The construction of the upper envelope for the lines A[i]*x + A[i]*B[i] relies on Andrew's monotone chain convex hull algorithm applied to the dual points transformed from the lines.

Python code:

# Upper envelope of lines in the plane

from fractions import Fraction
import collections

def get_dual_point(line):
  return (line[0], -line[1])

def get_primal_point(dual_line):
  return (dual_line[0], -dual_line[1])

def get_line_from_two_points(p1, p2):
  if p1[0] == p2[0]:
    return (float('inf'), 0)

  m = Fraction(p1[1] - p2[1], p1[0] - p2[0])
  b = -m * p1[0] + p1[1]

  return (m, b)

def cross_product(o, a, b):
  return (a[0] - o[0]) * (b[1] - o[1]) - (a[1] - o[1]) * (b[0] - o[0])

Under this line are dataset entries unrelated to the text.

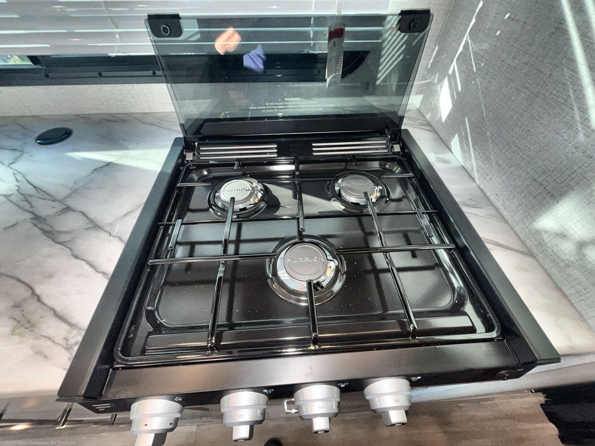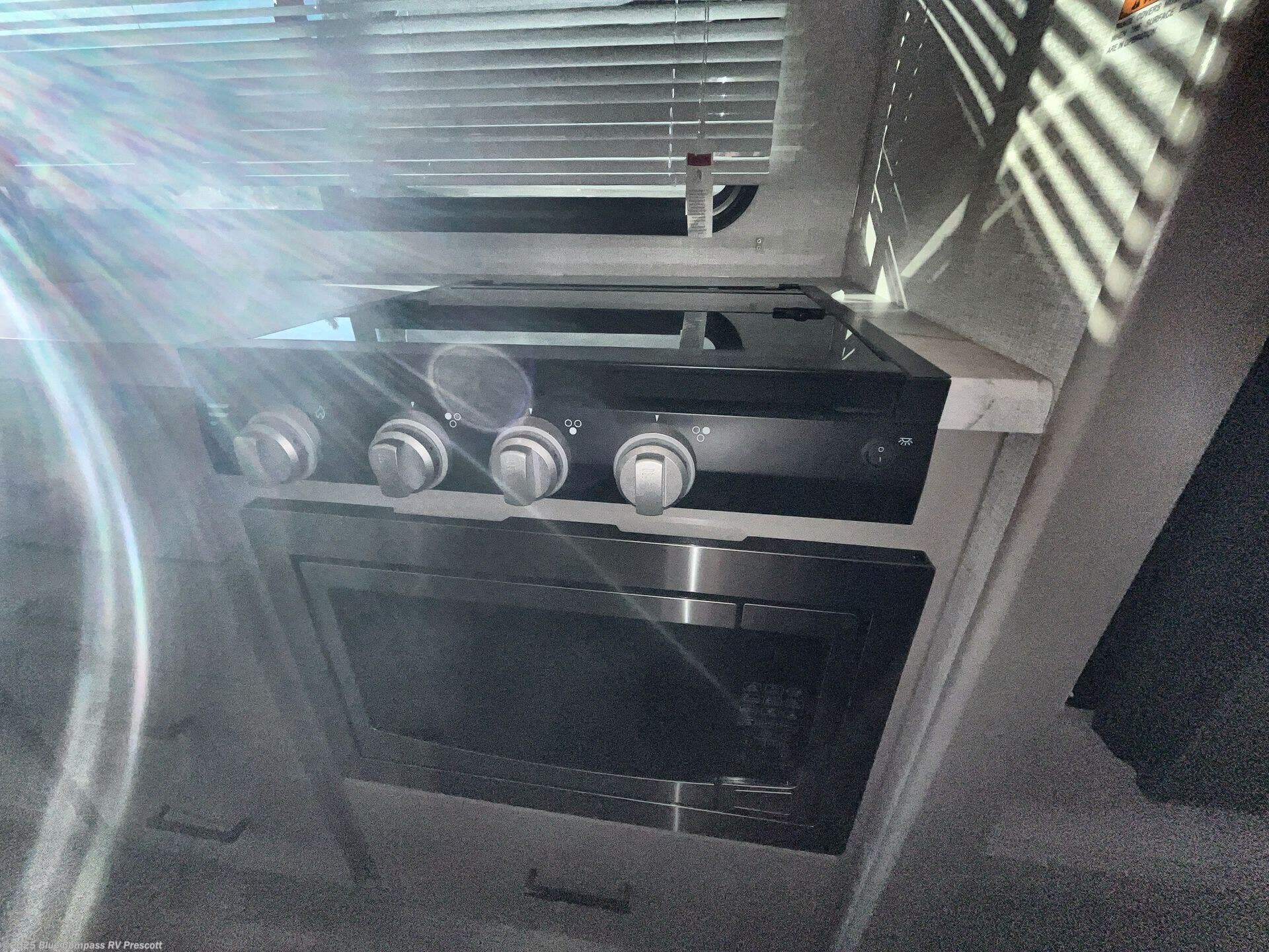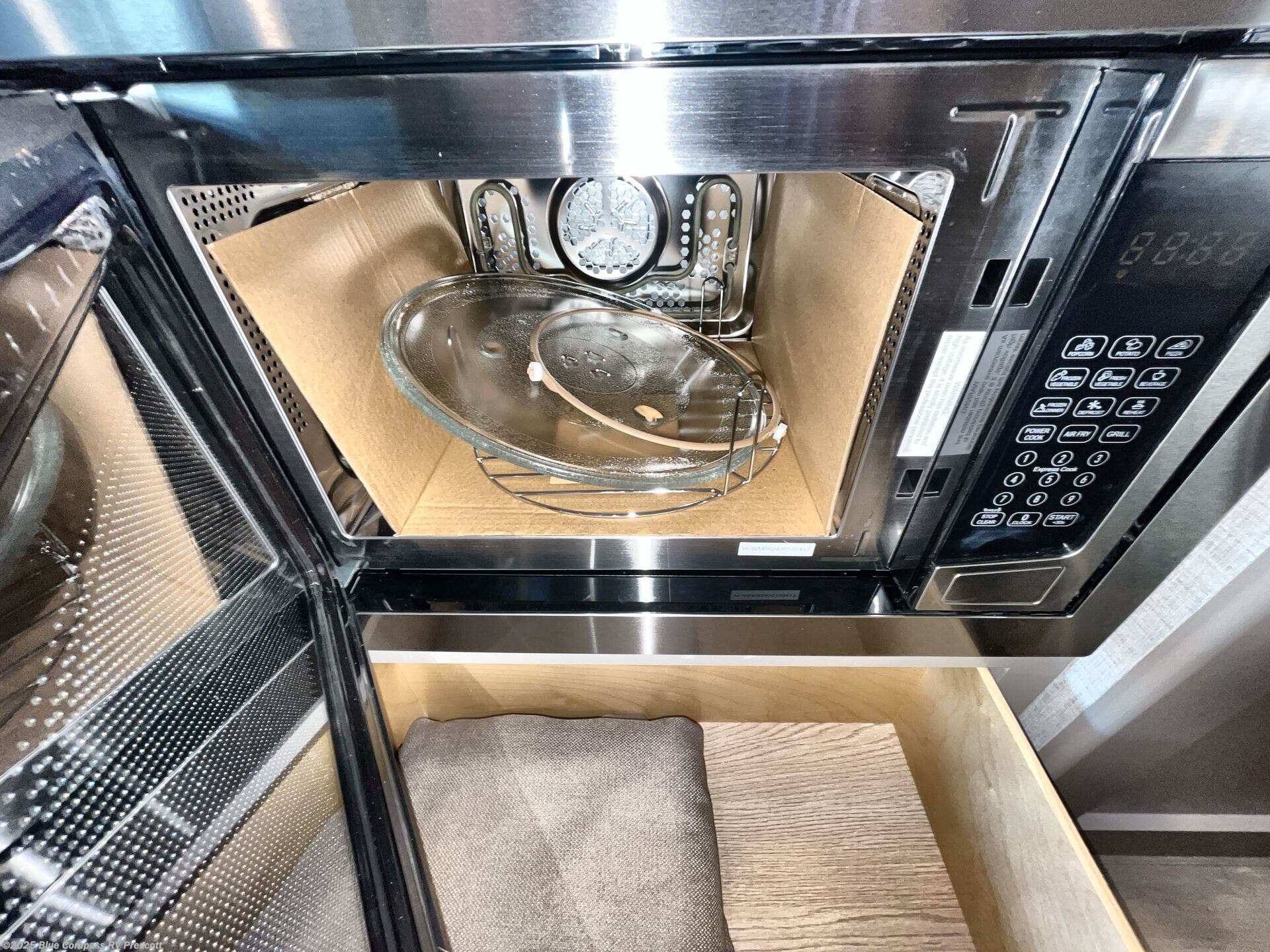 You'll love this versatile coach that features a full-wall slide for added space. The dream dinette and sofa with a Murphy bed is found here so you can enjoy comfy seating and sleeping spaces. There is also a 32" smart TV in the living area plus a privacy curtain around the bed if you have guests staying over on the cab-over bunk. A full rear bath includes a 24" x 36" shower to freshen up, along with a skylight, foot flush toilet and convenient robe hook(s). When you've worked up an appetite, the full kitchen with a three burner gas cooktop and convection microwave will let you make your best meals!
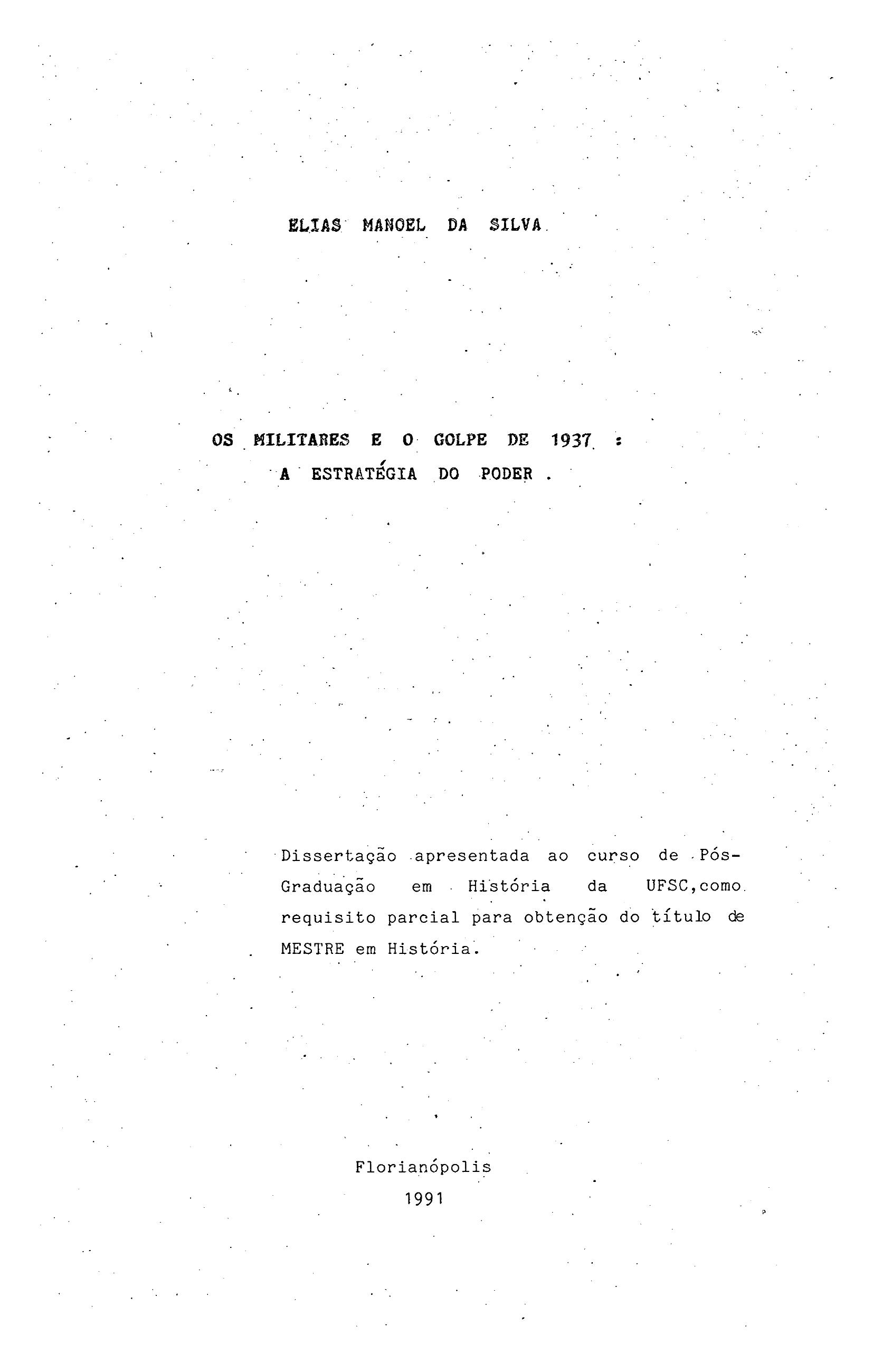 Esta Dissertação de Mestrado tem por objetivo apresentar uma reinterpretação histórica do processo político da recente história contemporânea brasileira, que culminou com a instalação do regime autoritário do Estado Novo em 1937. Tendo o Exército como objeto central de análise, no período compreendido entre o golpe da República e o golpe do Estado Novo, este estudo visou uma abordagem estrutural desta instituição militar para defender a tese de que o regime imposto ao Brasil em 1937, foi de responsabilidade das cúpulas militares apoiadas por Getúlio Vargas, em contraposição às teses que afirmam o oposto. Enfatizando as mudanças de comportamento nas instituições militares, principalmente no período pós-Constituição de 1934, buscou-se refletir o porquê da disposição do Exército em instalar um regime autoritário no país, sem exercer o poder diretamente, mas beneficiando-se diretamente do mesmo. O foco voltado para o Exército permite: compreender em que medida fatores internos e subjacentes às instituições militares, caracterizadas por clivagens e contradições desde o golpe da República, permitiu a criação de uma unidade militar com vistas ao golpe de 1937, onde estas se apresentam "hegemonicamente". |
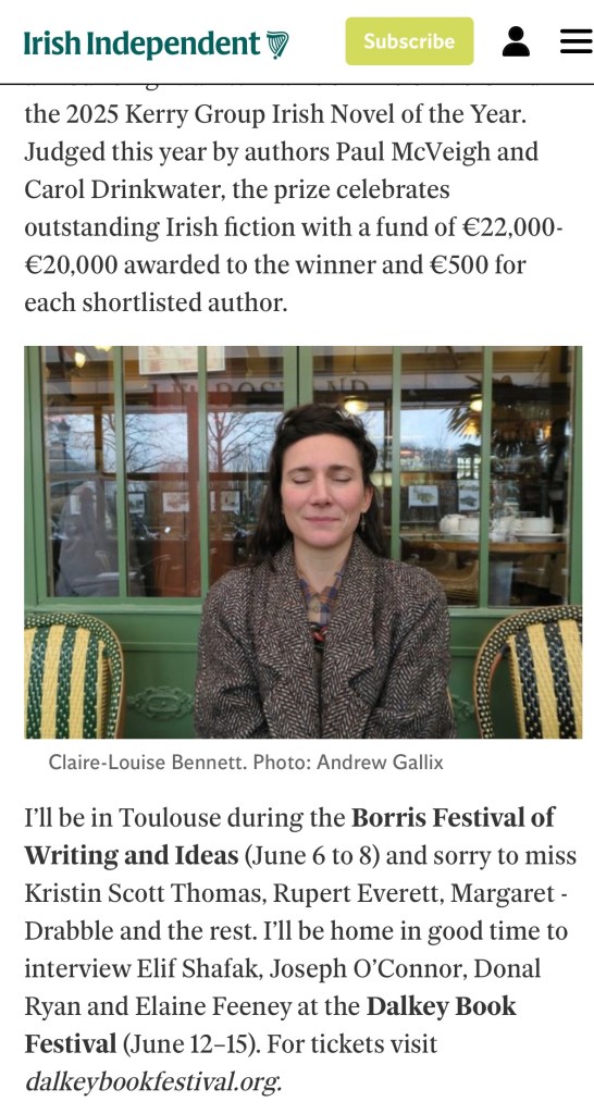 My picture of Claire-Louise Bennett, taken at Le Rostand, Paris, in 2018, appeared in the Irish Independent on 29 May 2025.
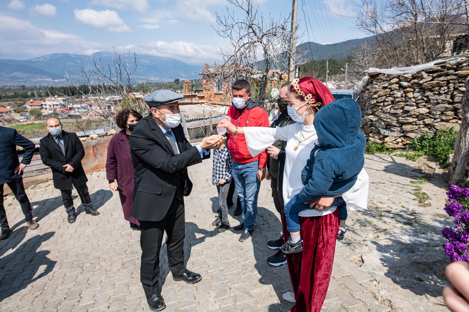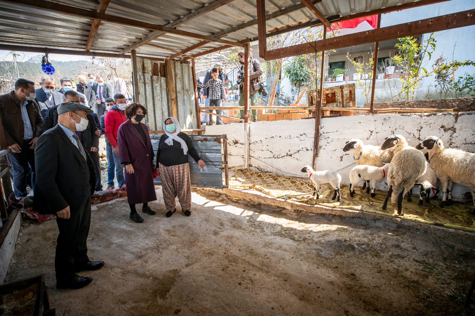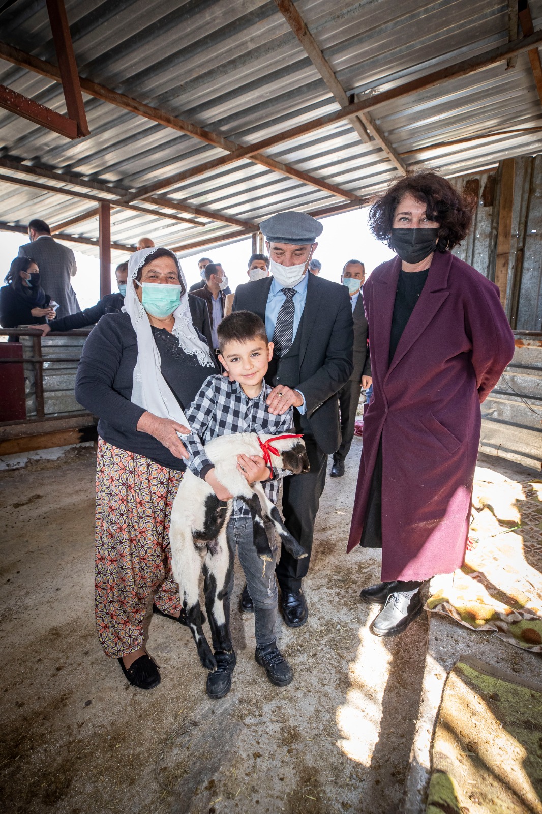 Başkan Soyer, Karakızlar köyü sakinlerini de ziyaret etti. Burada Büyükşehir tarafından 4 koyun verilen Fatma Sezer ve ailesiyle bir araya gelen Soyer, tarım ve hayvancılığın önemine değindi. Fatma Sezer de şunları söyledi: “Bize 4 koyun verdi. Biz onları büyütüp çoğalttık. Allah razı olsun. Seve seve bakıyoruz. Sadece yem pahalı olduğu için o konuda biraz zorlanıyoruz.” Soyer çifti kuzuları da sevdi.
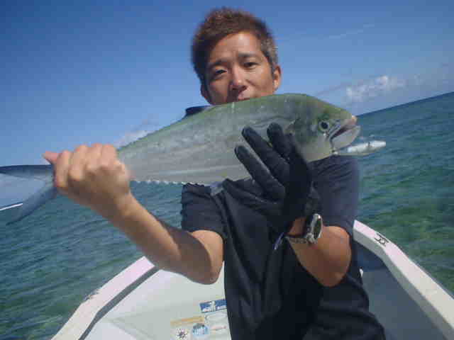 | ミーニシの季節風がきつく、波3m〜4m。 GTメインの釣行でしたが、天候不良で1日目は川へ。 キャストがなれるにつれ、チヌが面白いように釣れました 釣るのが夢だったユゴイも釣れ、戸田さんご満悦。 最終日ようやく海も落ち着きGT狙い、朝一でさわちゃん にGTがバイトしかしのらない。 風裏を選びながらポイントを移動したが夕方まで、GTらしきバイトはなし。夕方ここしかないと言うポイントでさわちゃんにGTヒット!!さすが西表では何匹も釣っているので、余裕のファイトで無事キャッチ。そして次は戸田さん。ルアーをキャストしてワンジャークでGTがヒット!! すかさずさわちゃんが戸田さんを支えに入りファイト。 慎重にポンピングして無事キャッチ。 これがファーストGTの戸田さん、おめでとうございます。 今度はサイズアップ、さわちゃんは目指せ30kGTだね |
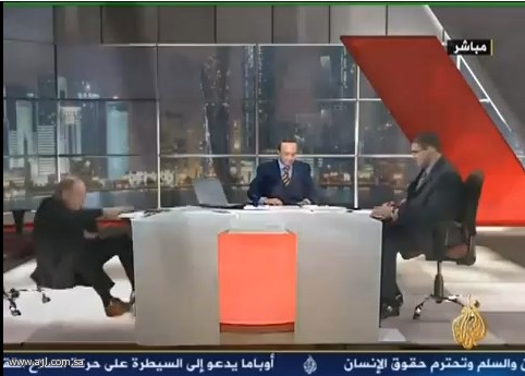 عاجل (أحمد العلي) أثارت لقطة في برنامج الإتجاه المعاكس مساء اليوم الثلاثاء , لدى المشاهدين بعد سقوط الإعلامي السوري عبد المسيح الشامي من كرسيه في نهاية الحلقة . وقدم برنامج الاتجاه المعاكس الذي يعده الاعلامي السوري فيصل قاسم على قناة الجزيرة حلقة تناولت الاحداث في سورية . وطالب القاسم في صفحته على الفيسبوك من المعارضة السوري ترشيح ممثل عنهم ، حيث كان هناك شبه توافق على السيد محمد العبد الله الذي يقيم في امريكا . ومثل وجهة النظر السورية في هذه الحلقة عبد المسيح الشامي . تحياتي ,,, |
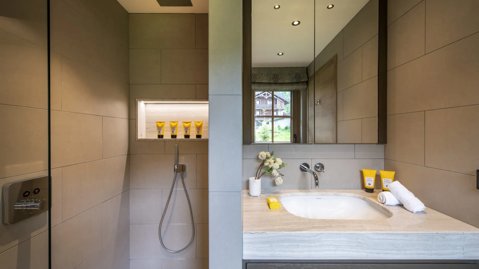 Accommodating up to 16 guests across four thoughtfully designed floors, the ground level welcomes you with ski storage, heated boot warmers, and an indulgent private cinema room with bespoke electric reclining seats. Your wellness sanctuary features a traditional hammam, spa shower, massage treatment room, and eight-person hot tub accessed via a heated outdoor path—the perfect après-ski haven.
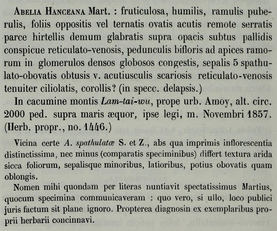 Протолог Abelia hanceana Mart. ex Hance (Annales des Sciences Naturelles; Botanique sér. 5, 5: 216. 1866):
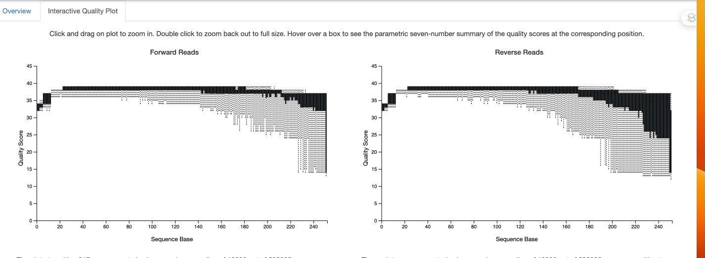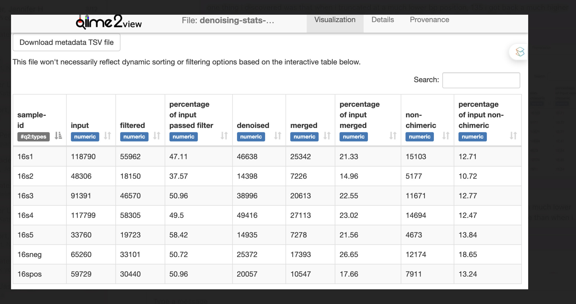 Hi everyone, I am new to using Qiime so i am having some hard time on perfectly picking my trunc,trim parameters from my dada2 denoising. I am curently working on 16s and i have 250bp each on forward and reverse reads, when i truncated at 245, the reads i got through the filte was very low and even when i passed 0 to the trunc so i use all my reads, i got same thing. However, when i used truncated using the 25th percentile i. 135, i got at least 40-50% of my reads passed the filter. I would appreciate knowing how this works and what the most important thing about the paramteer picks are.I attach some images below
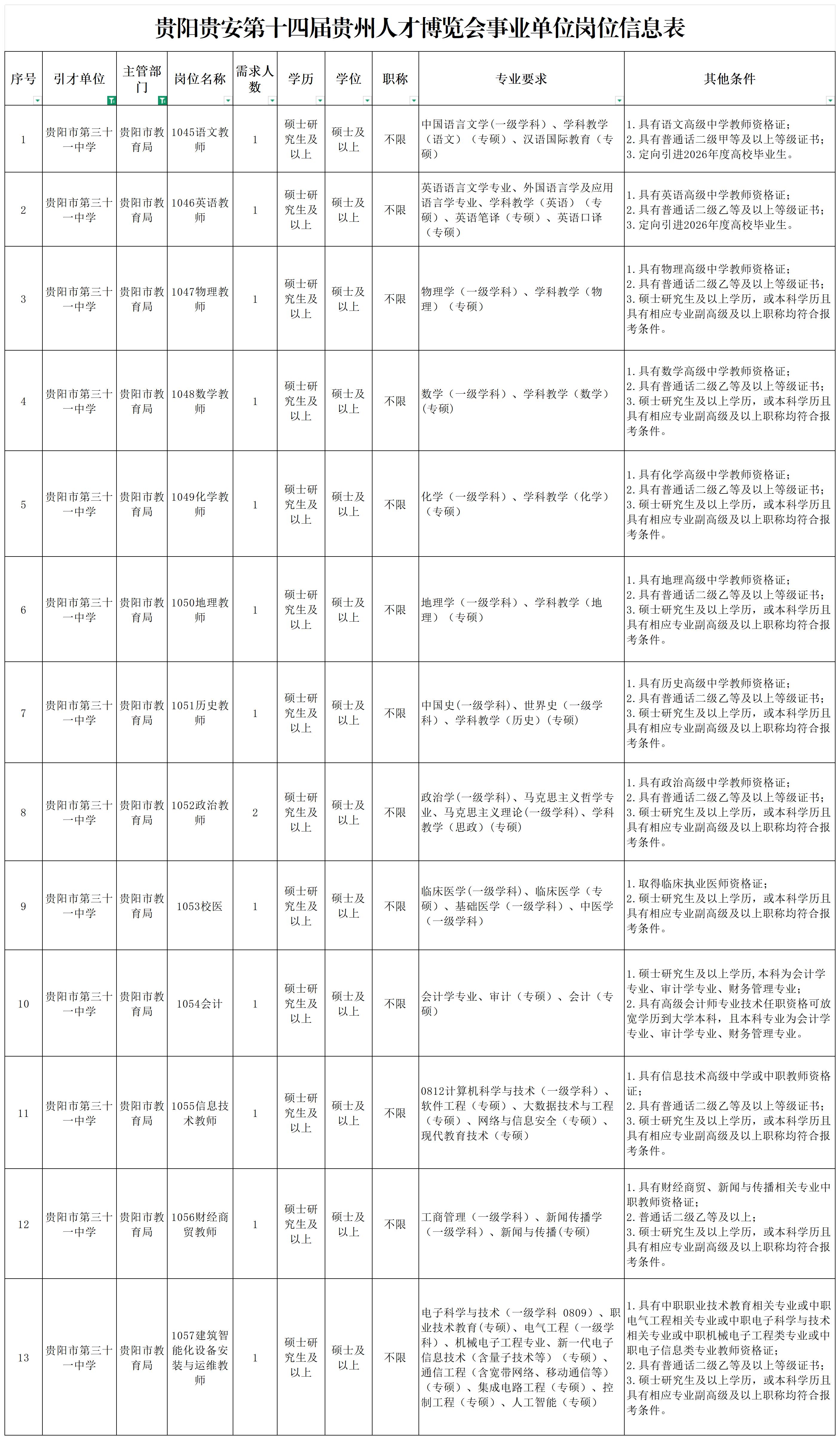 第十四届贵州人才博览会贵阳市第三十一中学(贵阳市经济贸易中等专业学校)引进高层次及急需紧缺人才公告
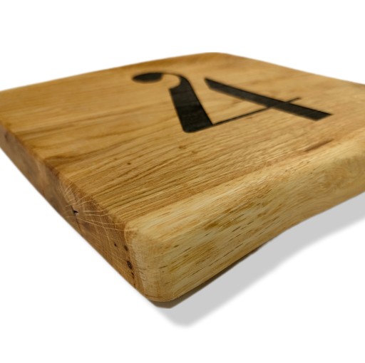Tabliczka wykonana jest z deski dębowej o wymiarach - długość 20cm, wysokość około 15cm, grubość około 2,5cm

# lower_hull has the structure [(dual_point, original_line, leftmost_x, index)]
def get_segment_idx(lower_hull, x):
  lo = 0
  hi = len(lower_hull) - 1

  # Find the index of the first
  # x coordinate greater than x
  while lo < hi:
    mid = lo + (hi - lo + 1) // 2

    if lower_hull[mid][2] <= x:
      lo = mid
    else:
      hi = mid - 1

  return lo


# Assumes we add points in order of increasing x-coordinates
def add_right_to_lower_hull(lower_hull, point):
  while len(lower_hull) > 0 and lower_hull[-1][0][0] == point[0][0] and lower_hull[-1][0][1] > point[0][1]:
    lower_hull.pop()
  while len(lower_hull) > 1 and cross_product(lower_hull[-2][0], lower_hull[-1][0], point[0]) <= 0:
    lower_hull.pop()
  if not lower_hull or lower_hull[-1][0][0] != point[0][0]:
    lower_hull.append(point)
  # Each segment of the lower hull
  # in the dual plane is a line intersection
  # in the primal plane.
  if len(lower_hull) == 1:
    lower_hull[0][2] = -float('inf')
  else:
    line = get_line_from_two_points(lower_hull[-1][0], lower_hull[-2][0])
    lower_hull[-1][2] = get_primal_point(line)[0]

  return lower_hull


# Assumes we add points in order of decreasing x-coordinates
def add_left_to_lower_hull(lower_hull, point):
  while len(lower_hull) > 0 and lower_hull[0][0][0] == point[0][0] and lower_hull[0][0][1] > point[0][1]:
    lower_hull.popleft()
  while len(lower_hull) > 1 and cross_product(lower_hull[1][0], lower_hull[0][0], point[0]) >= 0:
    lower_hull.popleft()
  if not lower_hull or lower_hull[0][0][0] != point[0][0]:
    lower_hull.appendleft(point)
  # Each segment of the lower hull
  # in the dual plane is a line intersection
  # in the primal plane.
  if len(lower_hull) == 1:
    lower_hull[0][2] = -float('inf')
  else:
    line = get_line_from_two_points(lower_hull[0][0], lower_hull[1][0])
    lower_hull[1][2] = get_primal_point(line)[0]

  return lower_hull


# Maximise A[i] * B[i] + A[i] * B[j] + A[j] * B[j]
def f(A, B):
  debug = False

  if debug:
    print("A: %s" % A)
    print("B: %s" % B)

  best = -float('inf')
  best_idxs = ()

  indexed_lines = [((A[i], A[i] * B[i]), i) for i in range(len(A))]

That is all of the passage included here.